[[ Data for processing open ]]

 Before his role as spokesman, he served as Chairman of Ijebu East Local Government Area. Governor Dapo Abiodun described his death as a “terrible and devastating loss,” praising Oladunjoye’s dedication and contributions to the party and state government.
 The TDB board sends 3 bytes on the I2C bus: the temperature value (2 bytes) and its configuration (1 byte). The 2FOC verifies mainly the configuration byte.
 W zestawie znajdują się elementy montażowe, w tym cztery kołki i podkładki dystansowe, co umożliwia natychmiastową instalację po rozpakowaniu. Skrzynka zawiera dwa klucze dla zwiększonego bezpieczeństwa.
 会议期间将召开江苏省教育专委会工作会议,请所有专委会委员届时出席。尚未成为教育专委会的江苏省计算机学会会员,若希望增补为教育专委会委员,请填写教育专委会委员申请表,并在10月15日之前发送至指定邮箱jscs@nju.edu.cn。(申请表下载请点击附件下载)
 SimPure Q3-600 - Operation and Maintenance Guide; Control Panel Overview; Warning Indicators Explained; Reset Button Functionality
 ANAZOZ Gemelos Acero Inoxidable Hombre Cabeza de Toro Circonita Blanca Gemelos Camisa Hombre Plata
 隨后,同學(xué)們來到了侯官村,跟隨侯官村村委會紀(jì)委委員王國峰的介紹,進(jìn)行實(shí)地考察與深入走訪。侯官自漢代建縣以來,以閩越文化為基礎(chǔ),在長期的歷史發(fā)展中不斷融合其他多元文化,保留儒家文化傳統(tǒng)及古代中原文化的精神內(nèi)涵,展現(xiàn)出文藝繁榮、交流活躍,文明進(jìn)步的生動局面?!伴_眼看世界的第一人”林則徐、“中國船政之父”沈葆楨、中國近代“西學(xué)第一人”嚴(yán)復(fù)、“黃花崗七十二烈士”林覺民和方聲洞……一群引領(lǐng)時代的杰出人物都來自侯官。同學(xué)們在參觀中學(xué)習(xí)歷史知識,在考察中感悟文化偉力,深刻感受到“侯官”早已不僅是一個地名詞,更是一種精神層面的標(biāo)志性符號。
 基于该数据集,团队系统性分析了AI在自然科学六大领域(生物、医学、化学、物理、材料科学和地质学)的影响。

[[ Data for processing closed ]]

— Problem to solve —
The line containing "ANAZOZ Gemelos Acero" and all lines after it, through the last line of the data, should be retyped exactly.

— Answer to this task —
 ANAZOZ Gemelos Acero Inoxidable Hombre Cabeza de Toro Circonita Blanca Gemelos Camisa Hombre Plata
 隨后,同學(xué)們來到了侯官村,跟隨侯官村村委會紀(jì)委委員王國峰的介紹,進(jìn)行實(shí)地考察與深入走訪。侯官自漢代建縣以來,以閩越文化為基礎(chǔ),在長期的歷史發(fā)展中不斷融合其他多元文化,保留儒家文化傳統(tǒng)及古代中原文化的精神內(nèi)涵,展現(xiàn)出文藝繁榮、交流活躍,文明進(jìn)步的生動局面?!伴_眼看世界的第一人”林則徐、“中國船政之父”沈葆楨、中國近代“西學(xué)第一人”嚴(yán)復(fù)、“黃花崗七十二烈士”林覺民和方聲洞……一群引領(lǐng)時代的杰出人物都來自侯官。同學(xué)們在參觀中學(xué)習(xí)歷史知識,在考察中感悟文化偉力,深刻感受到“侯官”早已不僅是一個地名詞,更是一種精神層面的標(biāo)志性符號。
 基于该数据集,团队系统性分析了AI在自然科学六大领域(生物、医学、化学、物理、材料科学和地质学)的影响。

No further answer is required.